I was born, as I say, in 1921, but it was not until the early 1930s, when I was about ten, that I bean to understand what a peculiarly frustrated and disinherited world was about me. Perhaps my approach to realization was through the crayon portrait of Granpa Hodgins which hung, very solemnly, over the mantel.
Granpa Hodgins, after whom I was named, perhaps a little grandiloquently, Hodgins McCormick Backmaker, had been a veteran of the War of Southron Independence. Like so many young men he had put on a shapeless blue uniform in response to the call of the ill-advised and headstrong - or martyred - Mr. Lincoln. Depending on which of my lives' viewpoints you take.
Granpa lost an arm on the Great Retreat to Philadelphia after the fall of Washington to General Lee's victorious Army of Northern Virginia, so his war ended some six months before the capitulation at Reading and the acknowledgment of the independence of the Confederate States on July 4, 1864. One-armed and embittered, Granpa came home to Wappinger Falls and, like his fellow veterans, tried to remake his life in a different and increasingly hopeless world. (p. 1)
With the possible exception of World War II, the largest number of alt-histories centered around the events and personages of the American Civil War. What if Lincoln had not been as "headstrong," as many of his detractors had noted? What if Maryland and Missouri had voted to secede in 1861, cutting off Washington, D.C. and most of the Mississippi River from Union control at the war's outset? What if Buell had not arrived in time at Pittsburg Landing? What if "Stonewall" Jackson had not been shot? What if Lee's general orders had not been rolled up in tobacco and dropped, only to be discovered by Union forces before Antietam? What if the Confederate forces had occupied the Round Tops at the onset of the crucial Battle of Gettysburg?

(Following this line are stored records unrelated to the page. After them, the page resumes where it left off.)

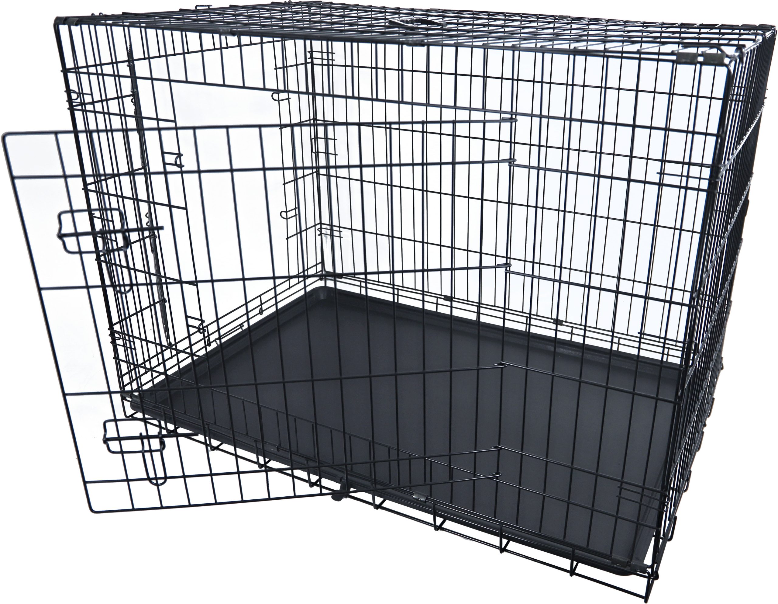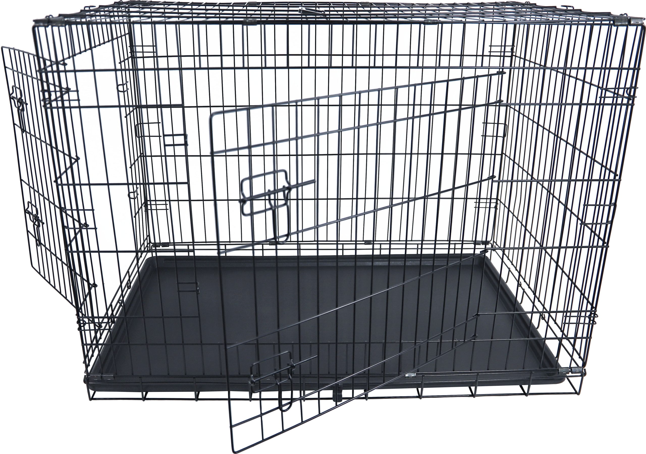 De draadkooi is voorzien van twee deuropeningen voor eenvoudig in- en uitstappen. De ABS-plastic lade maakt schoonmaken gemakkelijk, terwijl het handvat zorgt voor eenvoudig verplaatsen. De kooi is eenvoudig opvouwbaar, waardoor hij compact op te bergen is.
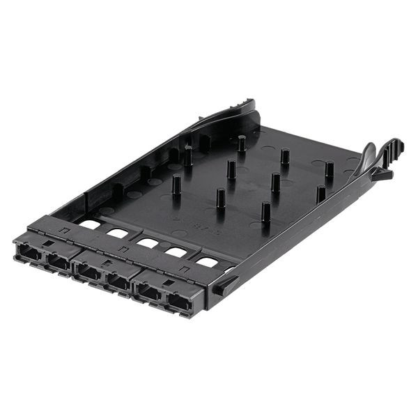 Dieses HD Flex™ Glasfaser-Adapterpanel verfügt über 6 Anschlüsse mit Typ-A-Adaptern. Mit Key-up-auf-Key-down-Adaptern, Farbe Schwarz.
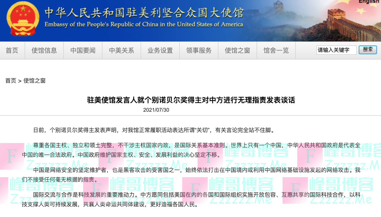 中国驻美使馆发言人就个别诺贝尔奖得主对中方进行无理指责发表谈话》发布于2021-7-30
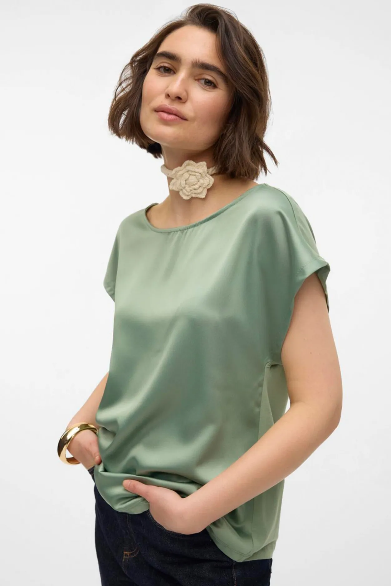 Vero Moda Top de manga corta Verde oscuro
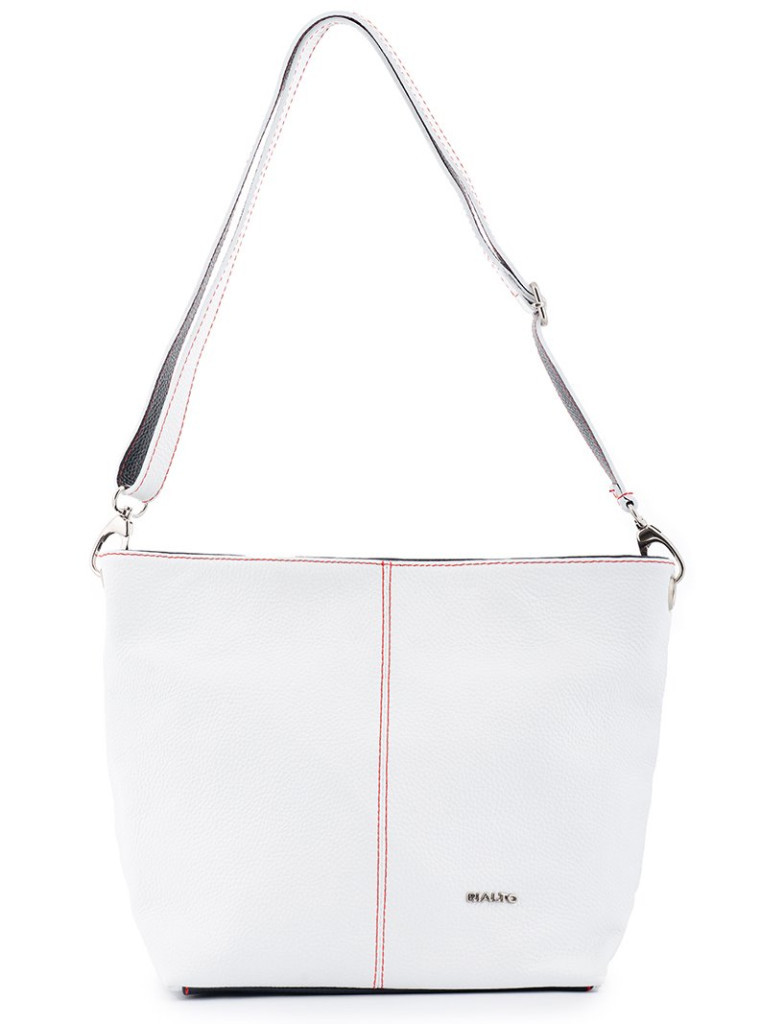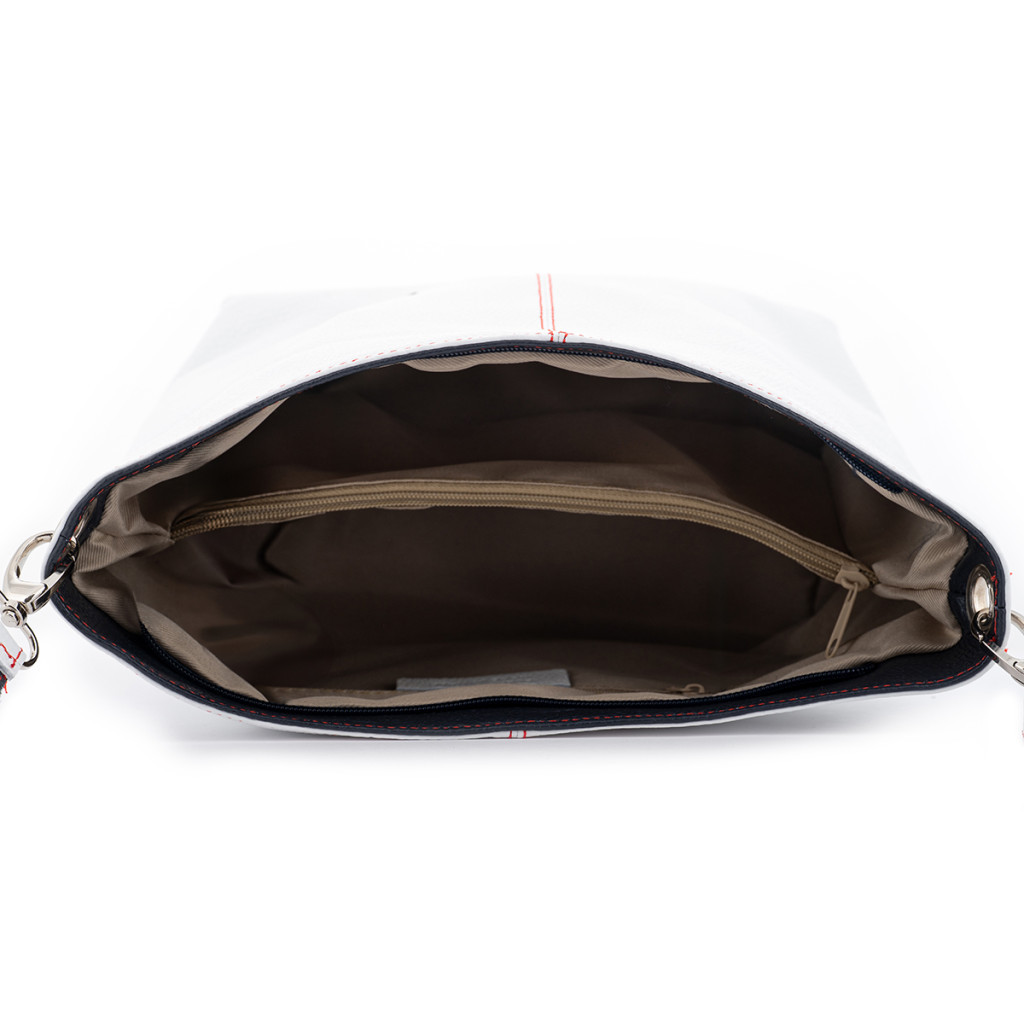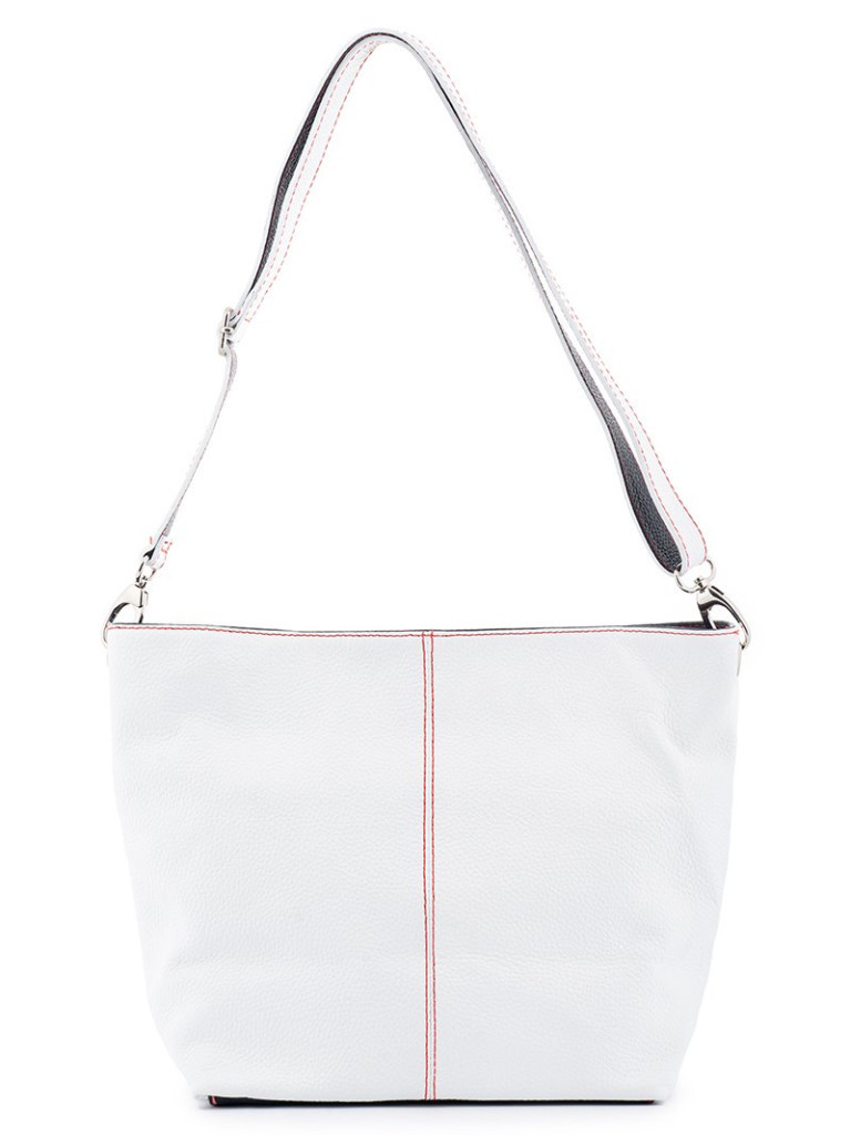• Méret: 23 × 25 × 13 cm• Alapanyag: Valódi bőr• Fehér alapszín fekete bőrbetétekkel• Piros díszvarrás az egyedi megjelenésért• Egyrekeszes kialakítás válaszfallal• Válaszfalban cipzáras zseb a rendszerezéshez• Belső cipzáras mobiltartó zseb a telefon védelmére• Levehető és állítható bőr vállpánt fekete bőr belső résszel• Stílusos és egyedi megjelenés
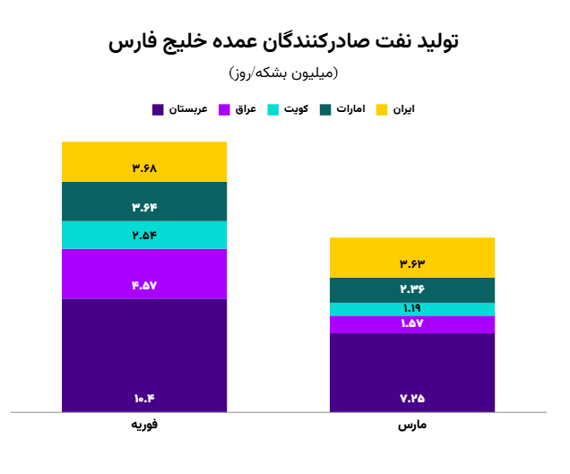 بنا بر آمارهای رسمی آژانس بینالمللی انرژی، انسداد تنگهٔ هرمز از جانب جمهوری اسلامی ایران به اُفت چشمگیر تولید و صادرات کشورهای عرب حوزهٔ خلیج فارس منجر شده است، بهطوری که تولید روزانهٔ نفت جهان در ماه گذشتهٔ میلادی با کاهش بیسابقهٔ ۱۰٫۱میلیون بشکهیی مواجه شد. علاوه بر سقوط صادرات نفت منطقه، صادرات گاز مایع (LNG) قطر نیز از ابتدای ماه مارس (۱۰ اسفند ۱۴۰۴) بهطور کامل متوقف شده است. قطر در سال گذشته با متوسط صدور ماهانهٔ ۱۰میلیارد مترمکعب گاز تأمینکنندهٔ یکپنجم مصرف جهانی بود.

These are the sorts of questions that have haunted historians as well as citizens on both sides of the conflict. Although, as I said in my earlier review of Keith Roberts' Pavane, I have a professional wariness of alt-histories, sometimes these works, if they revolve around more than just a single person or event, can add something to our understanding of the historical event or era in question. Ward Moore's 1953 novel, Bring the Jubilee, deserves to be placed in this categorization of rewarding alt-histories. Its combination of events, trends, and awareness of social dynamics raises it above the level of a mere "what if?" hypothesis, as there are some disturbing elements explored in this work that certainly apply to American society of Ward's time and perhaps for our own as well.
Bring the Jubilee is written in a first-person, pseudo-autobiographical format. The narrator, the young Hodgins M. Backmaker, born in 1921, narrates life in the defeated Union almost a century after its defeat at the hands of the Confederacy. As a native Southerner who grew up hearing tales of the "Lost Cause," Moore's transference of the mixture of guilt, anger, and emotional depression from the gutted South to an imagined defeated North rings true. From the KKK analogue, the Grand Army, to the widespread, deep economic recession that wipes out all of the early proto-industrial developments in the North during the antebellum period, the Civil War, now known as the War of Southron Independence rather than the War of Failed Southern Independence, has come to hold the same level of bitter significance for the Yankees as the Civil War has had in the South in reality.
Moore also does a very good job extrapolating from the conditions he alters. From the horrid treatment of African Americans in the Union (comparisons are made in a few places in the text to the Jewish Pogroms of the early 20th century) to the anti-immigration initiatives to the Confederate conquest of Mexico in the late 1860s, these events feel all the more "real" because of how well Moore hints at the root social causes: scapegoats for the defeat, the need to appease the stronger powers around the shrunken Union, to the desire of the Confederacy to expand in order to preserve its polity and power.
As strong as Moore's social historical extrapolations might be, some readers may find his narrator to be almost too invisible in the background. Backmaker, as a historian, serves the narrative point of detailing the alt-history that has unfolded. He is a witness, not an active participant, for most of the novel. This narrative "invisibility," while it serves to accentuate Moore's imagining of how events could have unfolded differently, does make it more difficult later on in the novel when Backmaker becomes involved in a physics experiment in the 1950s that ends up with him playing a much more decisive role in the "Jubilee" than what had transpired for the first 80% or so of the novel. This shift in the narrator's importance to the overall story was a bit abrupt, but yet it does circle back to a part of the introductory chapter that I chose not to quote.
Bring the Jubilee's strengths far outweigh its negatives. Far from being a simple "what if?" alt-history, it is a well-considered, well-constructed argument for how social attitudes could change in the light of military defeat. His defeated United States feels very plausible and the related world events around this time fit comfortably with Moore's takes on people, their fears, their desires not to rock the socio-political boat, and so forth. Although the final two chapters may feel awkward in comparison to the first, Bring the Jubilee certainly is one of the finest alt-histories that I have read, one that is well suited to the "masterworks" label attached to its Gollancz edition.